BEGIN Source material

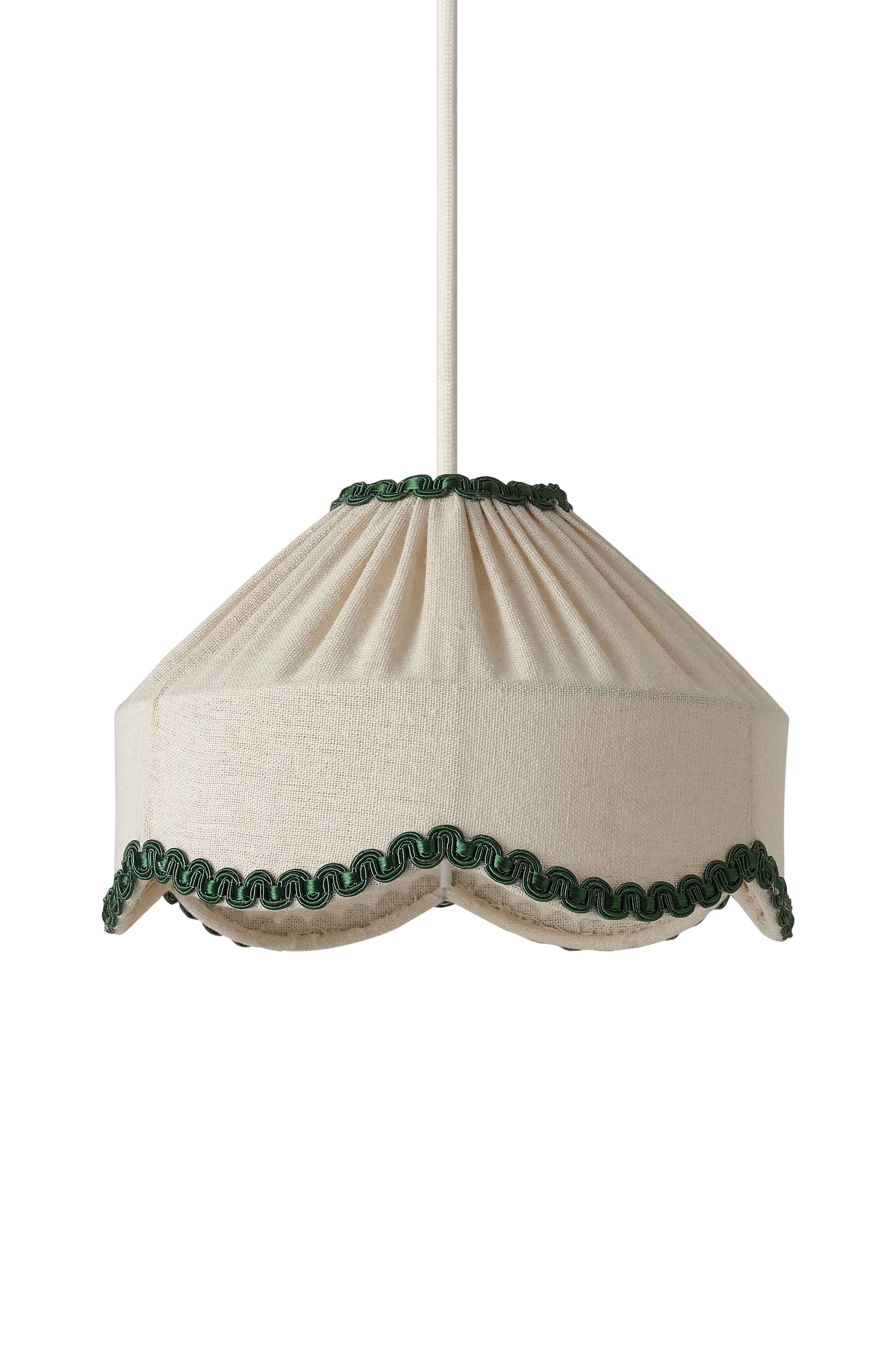 • Laskostettu Ikkunavalaisin kankaasta koristeellisella, aaltoilevalla reunalla
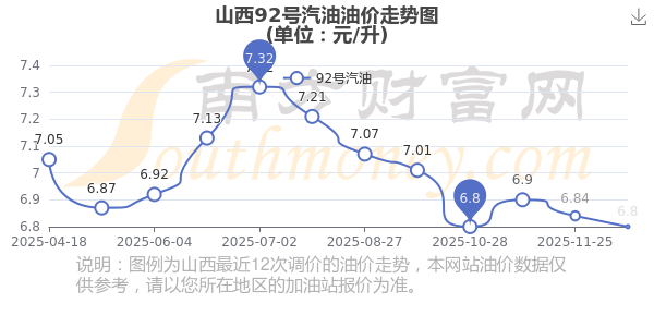 12月13日,山西92號汽油的價(jià)格是6.8元每升,本次的調(diào)整時(shí)間為12月9日,對比上次的調(diào)整下跌了0.04元,下跌0.585%,12月22日24時(shí)為下一輪油價(jià)調(diào)整時(shí)間,還有9.13天。
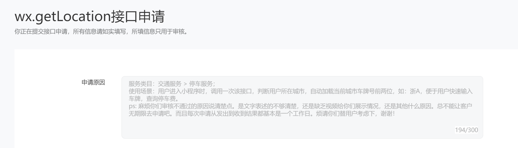 你好,根据你提交的申请原因可知申请wx.getLocation接口是用于【获取用户当前所在城市自动加载车牌号前两位】,不符合wx.getLocation接口使用场景开放范畴,建议可以使用chooseLocation或choosePoi实现上述场景。
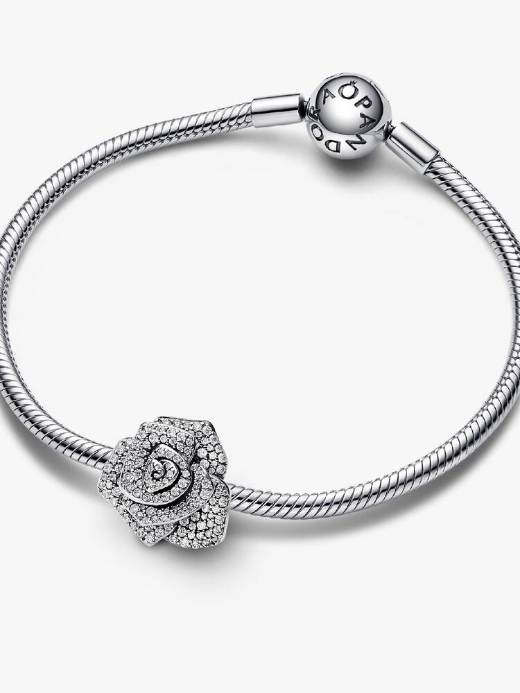 Добавьте блеска с нашим подвеской-шармом «Сверкающая роза в цвету». Это эффектное украшение украшено замысловатым узором в виде большой розы с асимметричными слоями, украшенным 38 микробусинами и 149 бусинами прозрачных кубических циркониев.a для ослепительного эффекта. Этот шарм из стерлингового серебра имеет функциональные отверстия под каждым лепестком, а также два отверстия в форме стебля на задней стороне, через которые можно аккуратно продеть цепочку. Диаметр шарма больше, чем у других шармов, 20 мм, и он идеально дополнит как браслеты, так и ожерелья. Ощутите вечный символ любви с этим изысканным шармом Pandora Rose.
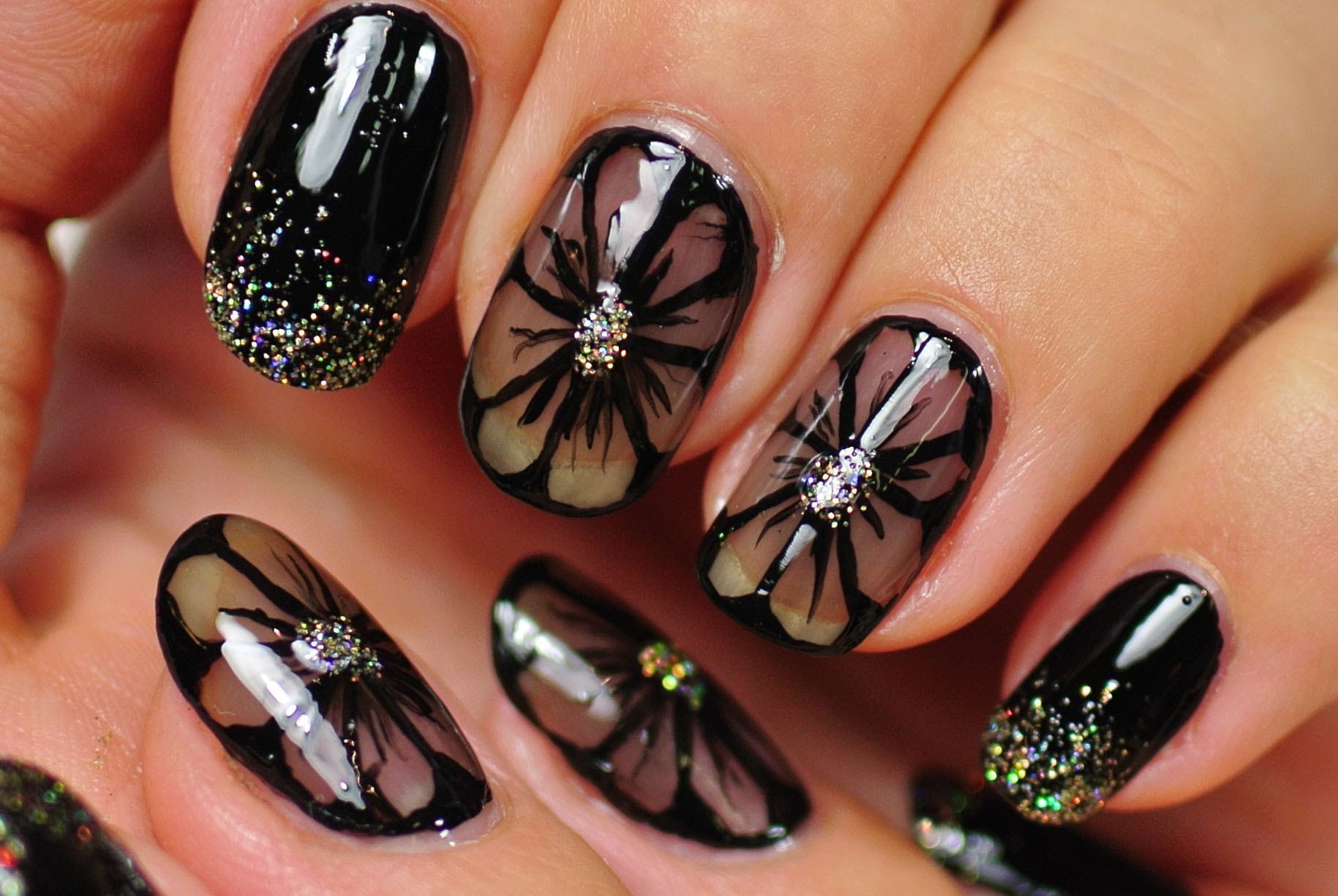 Маникюр прозрачный с цветочками

END Source material

Word for word and without pictures, please write out only the lines from the start of the entries through the line containing "你好,根据你提交的申请原因可", both included.

* Answer to the exercise *
 • Laskostettu Ikkunavalaisin kankaasta koristeellisella, aaltoilevalla reunalla
 12月13日,山西92號汽油的價(jià)格是6.8元每升,本次的調(diào)整時(shí)間為12月9日,對比上次的調(diào)整下跌了0.04元,下跌0.585%,12月22日24時(shí)為下一輪油價(jià)調(diào)整時(shí)間,還有9.13天。
 你好,根据你提交的申请原因可知申请wx.getLocation接口是用于【获取用户当前所在城市自动加载车牌号前两位】,不符合wx.getLocation接口使用场景开放范畴,建议可以使用chooseLocation或choosePoi实现上述场景。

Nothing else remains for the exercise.